- Parliament of the United Kingdom
- Long title: An Act to enable the Mining Company of Ireland to sue and be sued in the Name of their Secretary, or of One of the Members of the said Company.
- Citation: 5 Geo. 4. c. clviii

Dates
- Royal assent: 24 June 1824

= Mining Company of Ireland =

The Mining Company of Ireland (MCI) was a mining company which operated in Ireland, starting in 1824.

== History ==

The Mining Company of Ireland (MCI) was formed in 1824 by an act of Parliament, the Mining Company of Ireland Act 1824 (5 Geo. 4. c. clviii) following an inaugural meeting of interested philanthropic gentlemen in Dublin on 5 February 1824 in the Dublin Chamber of Commerce. The company initially offered four thousand £25 shares, at a maximum of 25 shares per person.

MCI purchased Luganure Mine, County Wicklow, and worked it for 66 years. Over this time it yielded 50,000 tonnes of lead and 25,000 ounces of silver. The company also prospected at the copper mine at Ballydehob, County Cork in the 1850s. It leased an iron ore mine at the Glen of Imaal in 1859, but this endeavour was not successful. From 1826, MCI mined lead at Ballycorus, County Dublin.

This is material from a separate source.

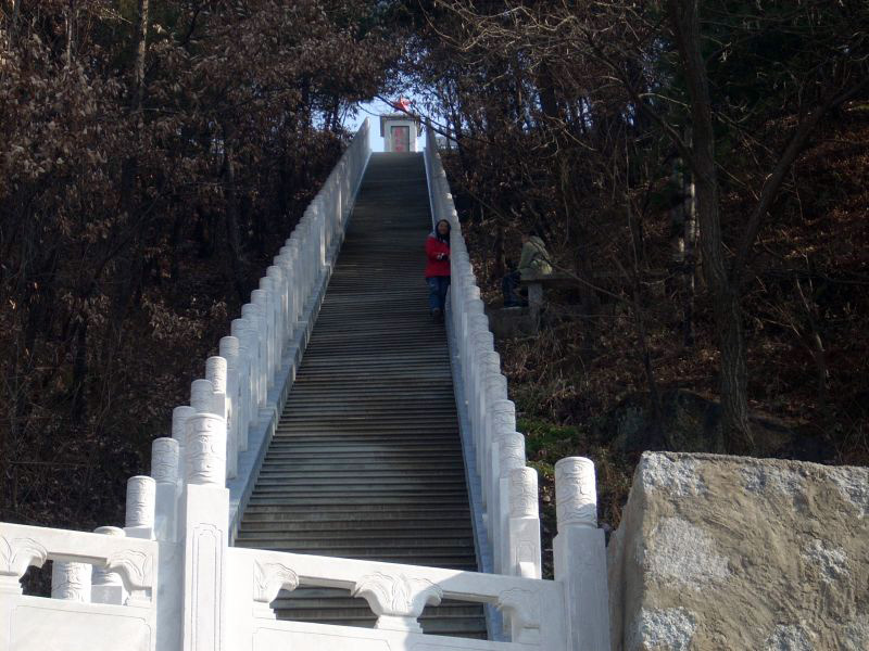 远远地,就可以看见,烈士碑屹立在山坡之上。细雨中,那颗五角星格外的红,旁边的松树也被雨洗得一尘不染,今天的梯子好像格外的高,但是,我们还是走了上去。

At the Mardyke, Killenaule, County Tipperary, the MCI leased land for 21 years to mine coal, and it was the mining operations that resulted in a village developing around it.

The MCI operated at a loss at a number of their mines, including the Mardyke, during the Great Famine. The mining industry in Ireland grew until the 1860s, when the events surrounding the American Civil War led to the collapse in mineral prices and the Irish mining industry.